Regardez d’abord autour de vous
À remarquer
- La cour rectangulaire ouverte
- Les galeries en bois sur trois niveaux
- Trois bacs à laver en pierre
- Le robinet d’eau commun
L’histoire du lieu
Le nom conserve l’ancienne adresse de la rue, et non le souvenir d’un propriétaire. Après l’entrée, un couloir mène à une cour intérieure, autour de laquelle s’étendent sur trois niveaux des galeries en bois donnant sur les portes de pièces séparées. C’est ainsi qu’en Espagne on nomme les immeubles de rapport organisés autour d’une cour commune : les logements étaient séparés, mais l’eau, la lessive et les tâches quotidiennes étaient communes. Les trois bacs à linge en pierre et le robinet d’eau dans la cour témoignent encore de cette ancienne organisation de la vie.
En mille neuf cent quatre-vingt-onze, les derniers locataires furent relogés d’ici. Parmi eux se trouvait Antonia, une femme du Realejo qui avait commencé à travailler à neuf ans : elle était domestique dans les maisons d’autrui, lavait les sols et élevait ses frères et sœurs plus jeunes. Elle ne se maria pas. À la Corrala de Santiago, Antonia louait un logement : c’était précisément pour des locataires comme elle que cette maison existait.
Derrière une porte modeste s’étire un long couloir, puis s’ouvre une cour rectangulaire. Tout autour, des galeries s’élèvent sur trois niveaux et donnaient accès à des pièces séparées. La cour ouverte apportait la lumière et l’air ; l’eau, la lessive et une part importante de la vie quotidienne restaient communes. C’est pourquoi le mot espagnol « corrala » désigne ici un immeuble de rapport dont les logements s’organisent autour d’une cour commune, et le rectangle de ciel au-dessus des têtes fait partie de sa structure.
À la fin des années quatre-vingt, la maison s’était fortement dégradée. Les galeries avaient été transformées au gré des besoins, certains passages avaient été murés par les habitants, mais plusieurs familles vivaient encore ici. Jaime Montaner, responsable régional des travaux publics, voulait préserver le bâtiment : il l’acheta aux propriétaires et projeta d’y installer un institut public d’architecture. Entre-temps, les locataires étaient relogés dans de nouveaux quartiers.
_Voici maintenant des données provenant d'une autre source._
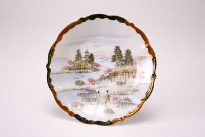 Wit schoteltje met geschulpte rand. Langs de rand een versiering in zwart,ijzerrood en goud. Op het plat een landschapdecor met bergen, huizen en twee personen, in zachte tinten. (Nederlands)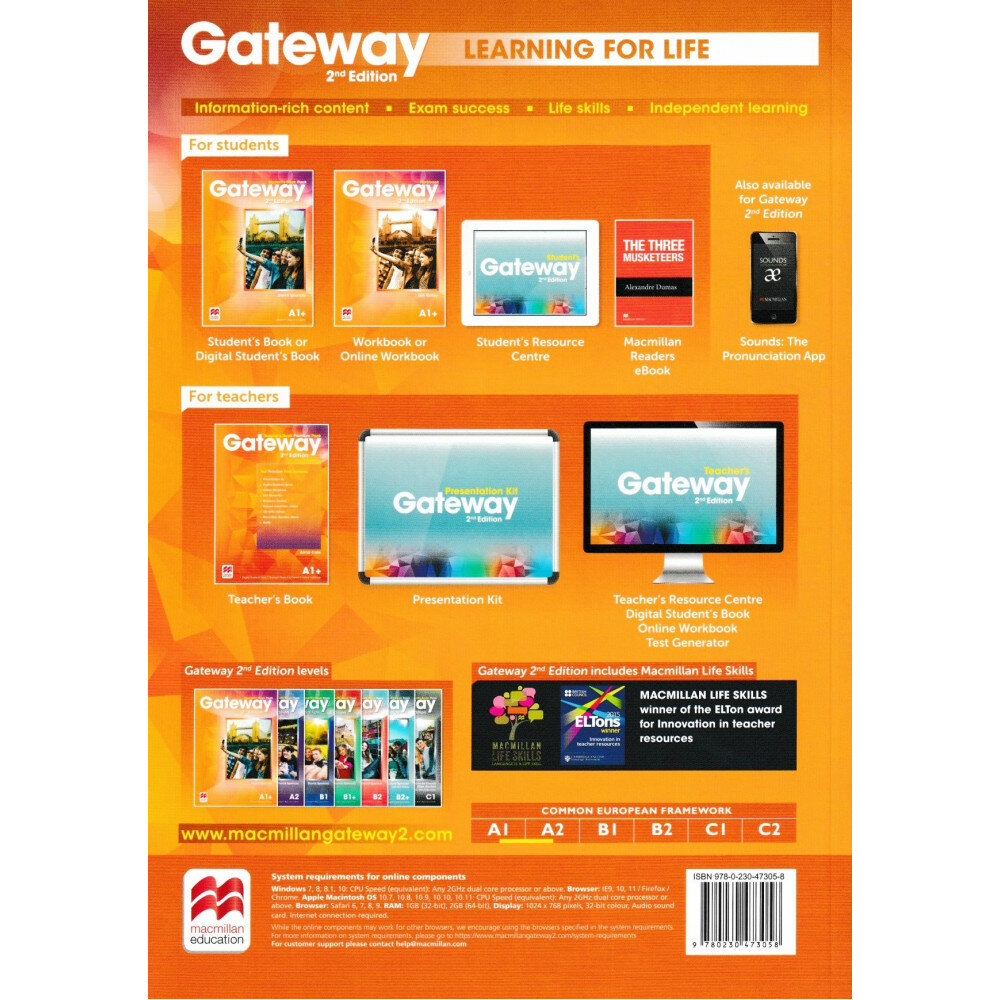 The Gateway 2nd Edition A1+ Student's Book Pack contains a strong exams focus and promotes exams task familiarisation throughout. This Student's Book Pack includes access code for the Student's Resource Centre provides the Class audio, Workbook audio, videos on Life skills and the Flipped classroom and a downloadable Macmillan eReader.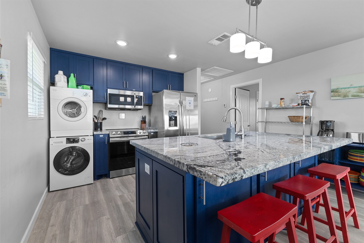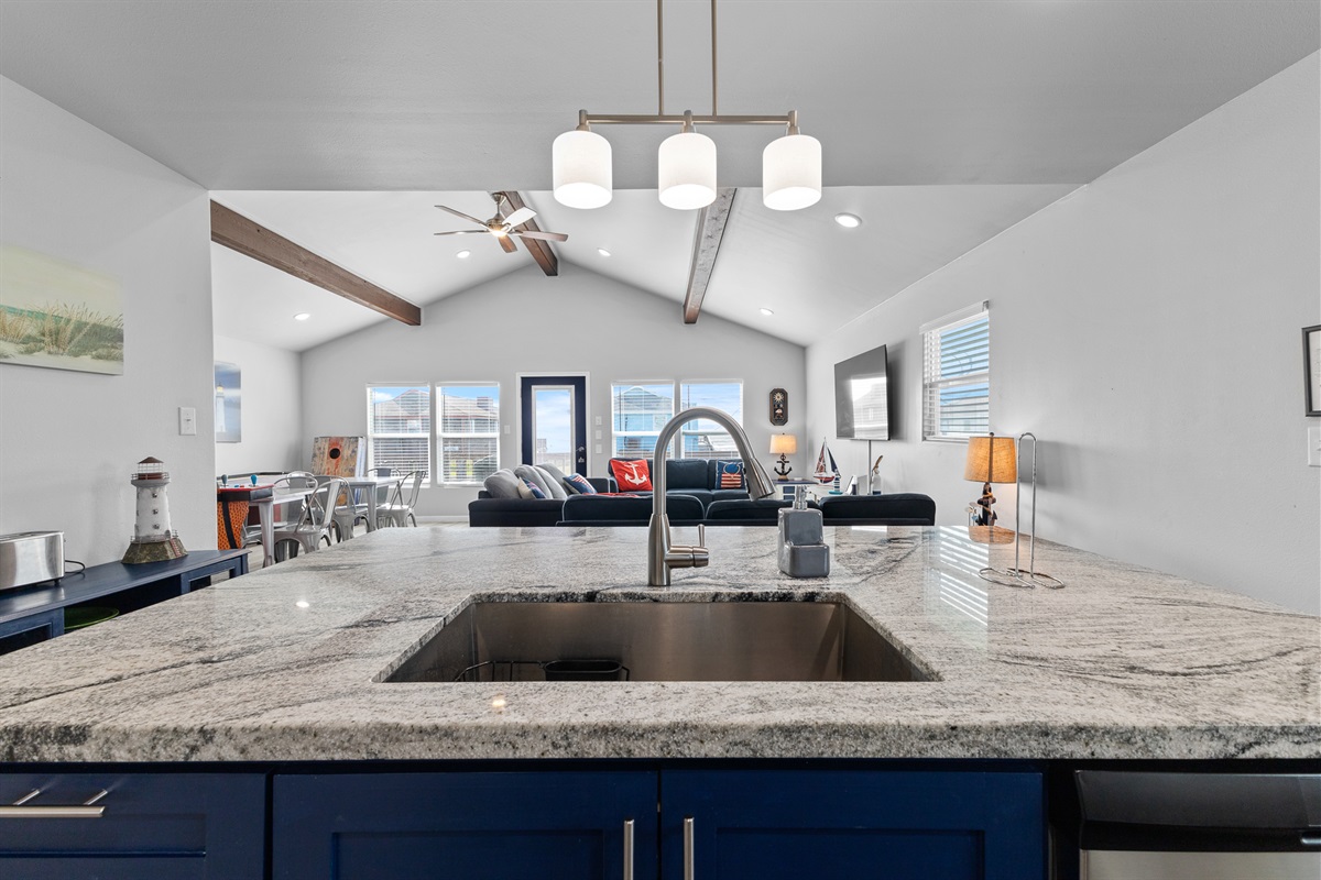 The layout of the beach house is great! Spacious and comfortable, your family will enjoy spending time in the open living, dining, and kitchen areas. In the living area, you'll find comfortable seating, a 65" flat screen Smart Roku TV with streaming capabilities (no Cable TV package), NBA Jam arcade game, a brand new 12’ shuffleboard, two tables for games, puzzles, activities, and dining. Additional seating is available at the breakfast bar.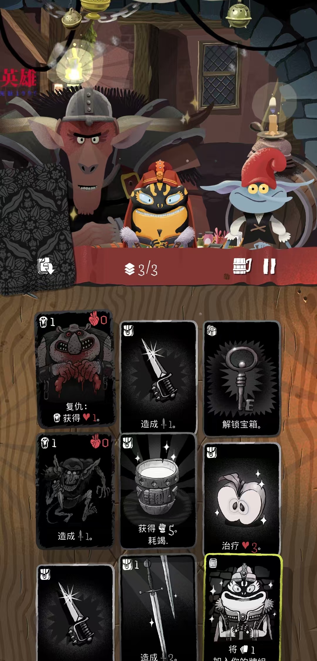 在这款单人卡牌游戏中,你要周游世界、访问舒适的酒馆、与狡猾的怪物对战、夺取闪亮的宝物。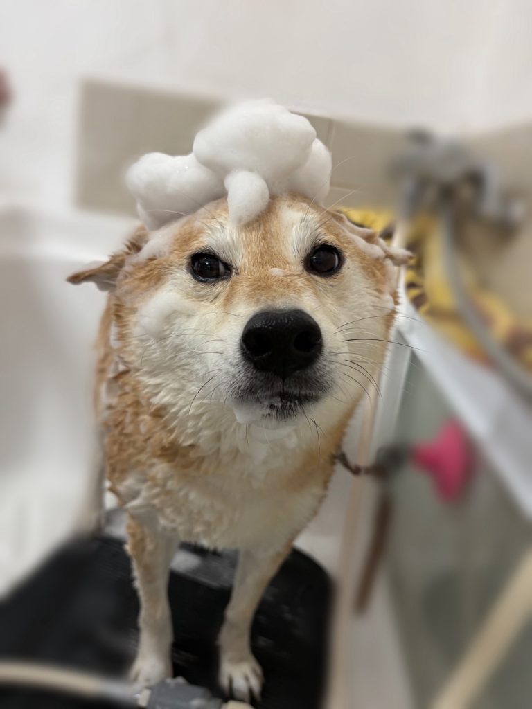 けやきくん。マイクロバブルの力で抜け毛さんたくさん取れたよ~。お仕上がりもふわっふわっで~す。🎵🎵🎵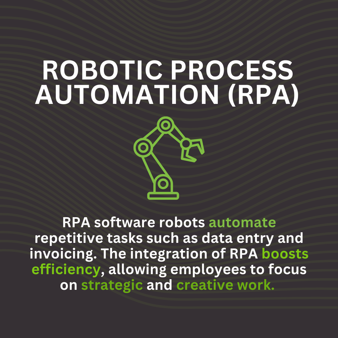 RPA software robots automate repetitive tasks such as data entry and invoicing. The integration of RPA boosts efficiency, allowing employees to focus on strategic and creative work.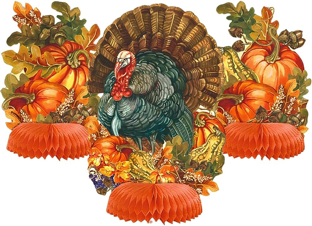 Set de 3 centros de mesa en diseño honeycomb ideales para tu decoración de Thanksgiving.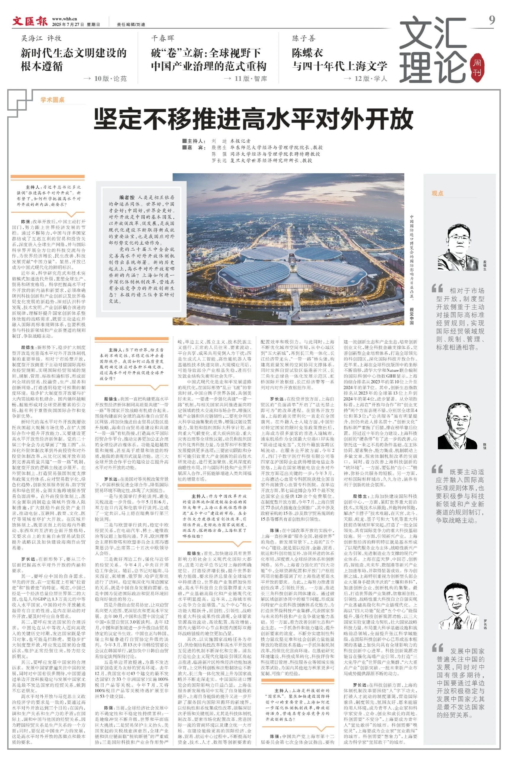党的二十届三中全会就完善高水平对外开放体制机制作出系统部署。新的历史起点上,高水平对外开放有哪些新的内涵?上海如何进一步深化体制机制改革,营造具有全球竞争力的开放创新生态?文汇报约请三位专家研讨交流。

Antonia fut installée au troisième étage d’un immeuble sans ascenseur. En mille neuf cent quatre-vingt-onze, elle avait environ soixante ans ; dans un entretien enregistré presque trente ans plus tard, elle raconta que, depuis cinq ans déjà, elle ne sortait presque plus de son appartement, sauf pour aller chez le médecin. Les frères et sœurs dont elle s’était occupée étaient morts. Chaque jour, une femme lui apportait à manger ; Antonia l’avait autrefois élevée en travaillant comme domestique chez ses parents. Ainsi s’acheva l’histoire de l’une des dernières locataires d’ici.
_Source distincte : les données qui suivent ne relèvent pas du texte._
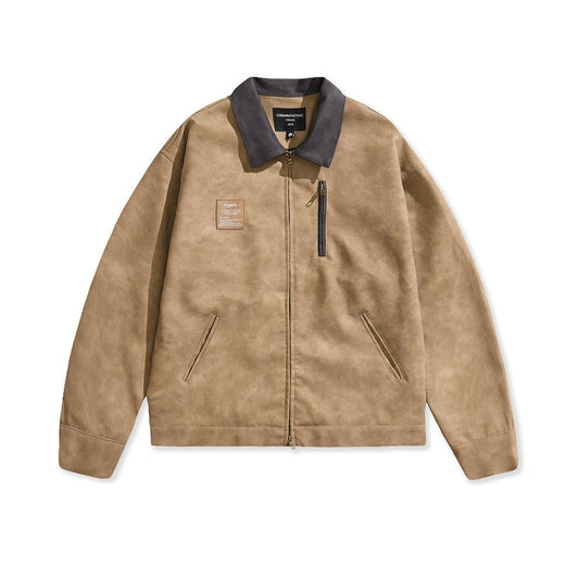 ワンポイントカラー フェイクレザー ジャケット(2Colors)250767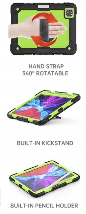 Etui Obudowa Case na Tablet iPad Air 5/Air 4/Pro 11″ z Paskiem Pancerny Czarny zielony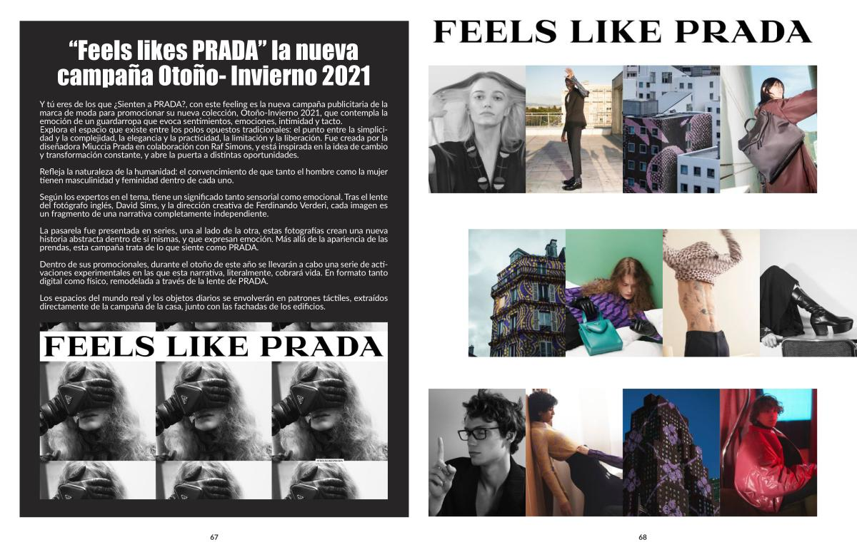 Y tú eres de los que ¿ Sienten a PRADA?, con este feeling es la nueva campaña publicitaria de la marca de moda para promocionar su nueva colección, Otoño-Invierno 2021, que contempla la emoción de un guardarropa que evoca sentimientos, emociones, intimidad y tacto. Explora el espacio que existe entre los polos opuestos tradicionales: el punto entre la simplicidad y la complejidad, la elegancia y la practicidad, la limitación y la liberación. Fue creada por la diseñadora Miuccia Prada en colaboración con Raf Simons, y está inspirada en la idea de cambio y transformación constante, y abre la puerta a distintas oportunidades.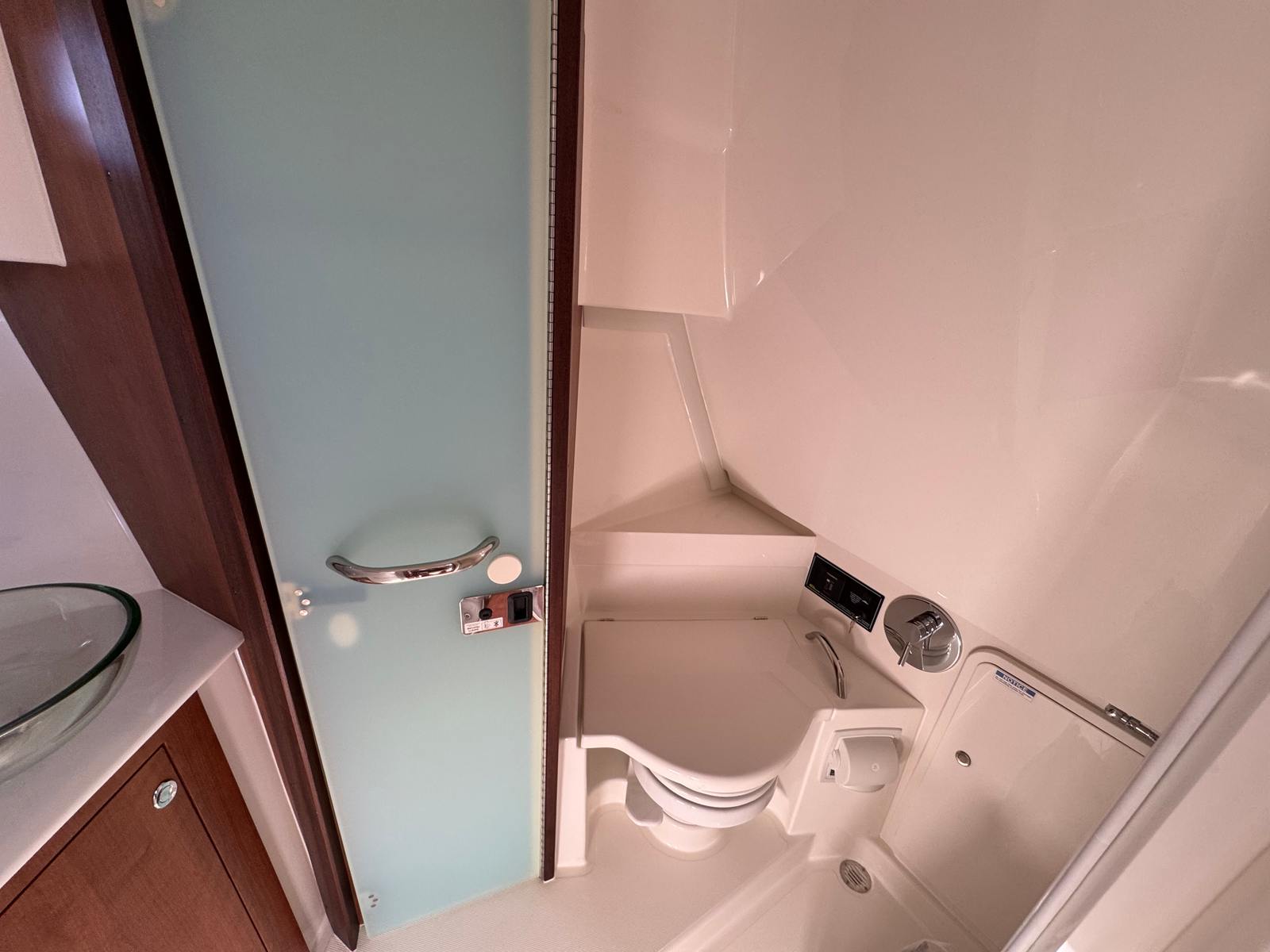 Step aboard the Pursuit OS 355 and you’ll immediately notice its thoughtful design and luxurious amenities. The helm features a sleek carbon finish, offering a modern and ergonomic command center for the captain. The interior, styled in Tranquil Sea, creates a serene and inviting atmosphere, perfect for relaxing after a day of adventure. The bridgedeck teak table, complete with dedicated storage, provides a versatile space for dining, socializing, or simply enjoying the view.Comfort is paramount on this cruiser, thanks to the cockpit air conditioning with reverse cycle heat (240V / 60Hz, 16,000 BTU), ensuring a pleasant environment no matter the weather. The custom hardtop boasts an integrated stainless steel electric retractable Makefast sunshade with one-touch operation, allowing you to effortlessly adjust your exposure to the sun. For those who love to bask in the sunshine, the forward deck sunpad offers a luxurious spot to unwind, while the folding gunwale seat on the starboard side adds flexible seating options for guests.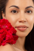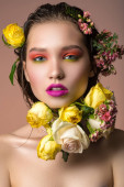 atrakcyjny nagi Azji dziewczyna w świeże kwiaty odizolowane na beżowy

L’institut d’architecture ne vit finalement pas le jour ici. L’architecte Carlos Sánchez restaura la cour et les galeries en bois, tandis que Juan López Martos, qui avait remplacé Montaner, remit le bâtiment à l’université de Grenade. Des chambres furent aménagées à l’étage pour les enseignants et les étudiants de passage, et le rez-de-chaussée ainsi que la cour furent destinés aux expositions, aux spectacles et aux concerts. L’espace commun fut conservé, mais il est désormais partagé par des hôtes temporaires de l’université et les visiteurs d’événements culturels.
C’est alors que l’ancienne « corrala », ou « cour de la rue Santiago », reçut son nom officiel de Corrala de Santiago. Santiago est ici une adresse, et non le nom d’un propriétaire. Lors de la transformation, trois bacs à laver en pierre et un robinet d’eau commun furent laissés dans la cour. Antonia et les autres locataires furent relogés d’ici ; ce qui appartenait à leur vie quotidienne commune est resté sous le même rectangle de ciel ouvert.
Sur place
Résidence officielle de l’université de Grenade ; observez-la de l’extérieur et n’entrez pas dans la cour sans autorisation explicite ou sans événement.
Vérifié : 28 juin 2026. Vérifiez la source officielle avant votre visite.La corrala est utilisée par l’université et n’est pas une cour traversante librement accessible. N’entrez que si l’accès est clairement autorisé et gardez le silence.